6. Intracellular replication assay

NOTE: All volumes are consistent with an assay using two 6-well plates.

  1. Subculture overnight Shigella cultures via 1:50 dilution into fresh media.
    1. Vortex, then add 100 µL of each overnight culture to 5 mL of fresh TSB or TSB + BS in a suitably sized culture tube.
      NOTE: Limit culture volume to <20% of culture flask or tube volume to ensure proper aeration.
    2. Incubate at 37 °C with shaking at 250 rpm until cells reach an OD600 of 0.7 (mid-log phase of Shigella growth); about 2-2.5 h.
      NOTE: During the subculture, aliquot 50 mL of DMEM + 50 mg/mL gentamicin and a sufficient volume of PBS for all washing steps and place in a 37 °C water bath. Allow media to reach 37 °C before use.

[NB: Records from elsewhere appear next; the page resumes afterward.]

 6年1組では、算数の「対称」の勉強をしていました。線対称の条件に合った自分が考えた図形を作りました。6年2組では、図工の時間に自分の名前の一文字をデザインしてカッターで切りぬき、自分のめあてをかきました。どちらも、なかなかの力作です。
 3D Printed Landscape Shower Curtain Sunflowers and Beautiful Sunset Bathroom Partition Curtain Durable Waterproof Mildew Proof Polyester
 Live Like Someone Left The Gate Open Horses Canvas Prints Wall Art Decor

  2. Transfer 2 x 108 CFUs subcultured Shigella to individual 2 mL microcentrifuge tubes.
    NOTE: 2 x 108 CFUs corresponds to approximately 1 mL of bacterial cells at an OD600 of 0.7. Use OD600 readings to approximate CFU/mL according to the calibration of each individual spectrophotometer.

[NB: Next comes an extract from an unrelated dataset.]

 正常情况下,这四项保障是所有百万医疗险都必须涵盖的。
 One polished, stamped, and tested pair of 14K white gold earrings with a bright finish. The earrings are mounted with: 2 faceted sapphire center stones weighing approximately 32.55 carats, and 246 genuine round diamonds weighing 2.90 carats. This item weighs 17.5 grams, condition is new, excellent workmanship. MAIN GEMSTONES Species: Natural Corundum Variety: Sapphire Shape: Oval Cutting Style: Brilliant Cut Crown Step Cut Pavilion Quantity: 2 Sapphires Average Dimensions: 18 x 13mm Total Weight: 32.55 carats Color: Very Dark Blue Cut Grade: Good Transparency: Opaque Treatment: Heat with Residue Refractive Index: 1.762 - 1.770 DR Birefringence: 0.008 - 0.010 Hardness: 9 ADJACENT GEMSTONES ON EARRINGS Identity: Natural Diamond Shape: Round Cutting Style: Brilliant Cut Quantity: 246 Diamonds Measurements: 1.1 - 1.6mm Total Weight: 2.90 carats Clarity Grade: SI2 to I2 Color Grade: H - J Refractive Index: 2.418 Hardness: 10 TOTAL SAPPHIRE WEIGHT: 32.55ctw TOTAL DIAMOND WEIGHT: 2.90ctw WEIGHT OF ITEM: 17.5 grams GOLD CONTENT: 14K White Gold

  3. Wash Shigella samples 1x with PBS.
    1. Pellet cells by centrifugation at 17,000 x g for 2 min at room temperature. Aspirate the supernatant, then add 1 mL of warm PBS and resuspend the pellet well, gently pipetting the sample up and down until the mixture is fully homogeneous (8-10x).
    2. Repeat step 6.3.1. 1x additional time.

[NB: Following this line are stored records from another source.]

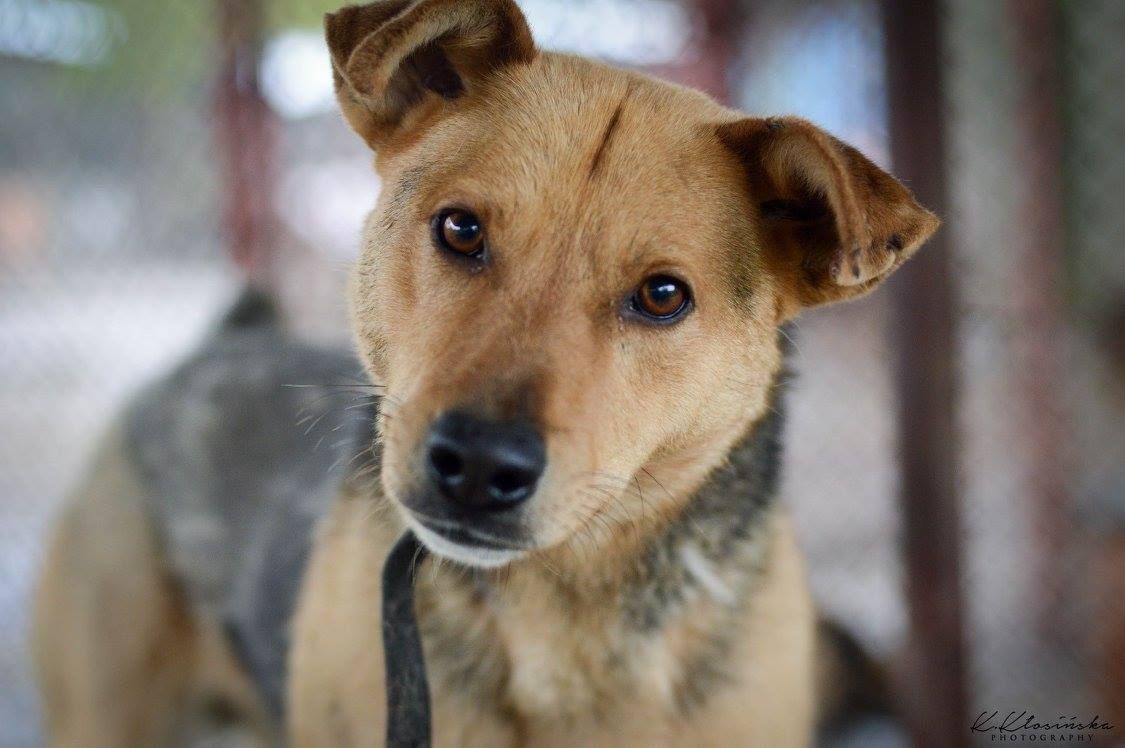 Aron to około 4-5 letni, średniej wielkości pies. Trafił do schroniska z okolicznej wioski, gdzie został znaleziony. Na sobie miał długi kawałek łańcucha i rozcięte ucho. Jaki były jego losy? Niestety nie wiemy.
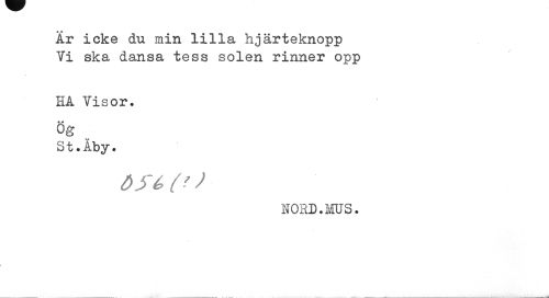 //// Är icke du min lilla hjärteknopp Vi ska dansa tess solen rinner opp //// HÅ Yisor. //// Ög //// St.Åby. //// Öfé (t > //// KORD.MUS. ////
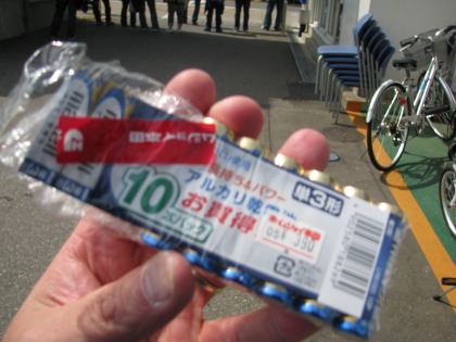 13:06 トラブル ここで、トラブル発生! 昼飯のカレーなんかまで、写真に撮っているもんで、 デジカメのバッテリーがなくなっちゃいました。いやいや、ズームとかの使いすぎ。 筑波サーキット内で電池を売っているような場所はなし、表通りのパーツショップに行きましたが、やっぱりそこにもなし。 駐車場に戻って、バイクで近くのジョイフル本田へ。(説明しようジョイフル本田は千葉県、茨城県周辺にあるディスカウントストアーである) 急いで、引き返して、なんとかST600の決勝には間に合いました。 ハイエースで来ていたら、こうは機動力がなかったね。 よかった、よかった。 |
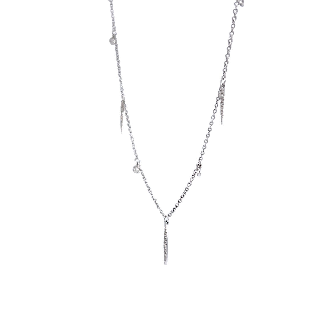Bezel & Pave Diamond Necklace in 18K White Gold
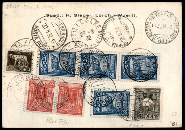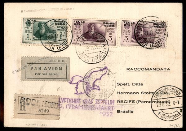 1932 - Zeppelin 5 Sudamerika - Longhi 117 - aerogramma raccomandato con bella affrancatura multipla fronte/retro da Rodi per Recife (Pernambuco) del 19.8.32
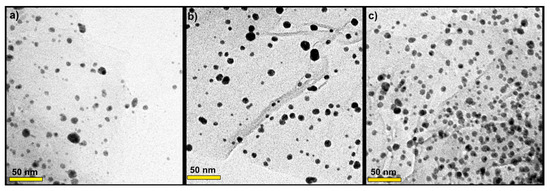The morphology of AgNP decorated onto rGO sheets was investigated via TEM (Figure 3). Thus, it can be seen in Figure 3a–c that silver nanoparticles were homogeneously distributed over the surface of rGO sheets without obvious aggregation. The samples showed several small AgNP uniformly distributed on the substrates. The AgNP were mostly distributed between 3 and 8 nm, and the mean particle size diameter was 5 nm. The size of AgNP observed was in line with the size estimated from XRD analysis. In Figure 3c, the sample 0.3 M AgNP/rGO displayed the highest number of tiny AgNP which were well dispersed on the rGO sheets.
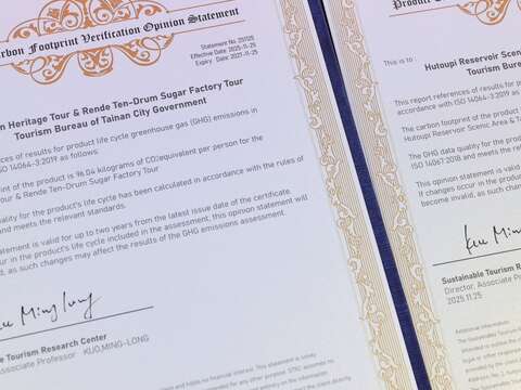 臺南邁向永續旅遊新里程碑 一景區三遊程取得國際黃金標準(GS)碳註銷證明

    3. Pellet cells by centrifugation at 17,000 x g for 2 min at room temperature, aspirate the supernatant, and resuspend the pellets in 2 mL of warm DMEM.
      NOTE: The final concentration of resuspended bacteria will be 1 x 108 CFU/mL.
  4. Vortex, then add 1 mL (1 x 108 CFUs) of resuspended Shigella plus 1 mL of DMEM to each well of prepared HT-29 colonic epithelial monolayers in 6-well plates (from step 3.2.10.2).
    NOTE: Infections are normally performed at a multiplicity of infection (MOI; ratio of bacterial to epithelial cells) of 100. To test different MOIs, dilute resuspended Shigella in DMEM to the desired concentration, then add 1 mL of diluted bacteria to HT-29 monolayers. For example, to test an MOI of 10, dilute bacteria 1:10 by adding 150 µL of 1 x 108 CFU/mL bacteria to 1.35 mL of DMEM, then apply 1 mL (1 x 107 CFUs) to HT-29 cells.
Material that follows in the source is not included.